Эффект первого папского визита Иоанна Павла II в Польшу повторялся повсюду. В Чехословакии, которой правили коммунисты, полезно сравнить празднования годовщин, связанных с основателями славянского христианства, Кирилла (Константина) и Мефодия (см. с. 496–499). Первые из них прошли в строго регламентированной атмосфере 1963–1964 годов, знаменуя 1100 лет с тех пор, как братья прибыли в Великую Моравию. Тщательно организованный коммунистическими властями, праздник прошел в сдержанном академическом стиле, с публичными выставками, подчеркивающими роль основателей скорее как наставников и культурных посланников, чем вестников христианства.

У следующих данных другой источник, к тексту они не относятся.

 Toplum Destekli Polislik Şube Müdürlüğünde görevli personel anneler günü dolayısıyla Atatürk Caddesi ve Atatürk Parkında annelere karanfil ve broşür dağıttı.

Вторые торжества в 1985 году знаменовали 11 веков со дня смерти Мефодия, и на этот раз их проводила Римско-католическая церковь, торжественно возглавляя около четверти миллиона верующих, собравшихся у могилы и часовни Мефодия в бывшей моравской столице Велераде.[1946] Таких массовых собраний в Чехословакии не видели со времен «Пражской весны» 1968 года, причем правительство мало что могло поделать, кроме как слегка ограничить список официальных гостей. Следующим подобным всплеском народного воодушевления стала чехословацкая «бархатная революция» спустя четыре года.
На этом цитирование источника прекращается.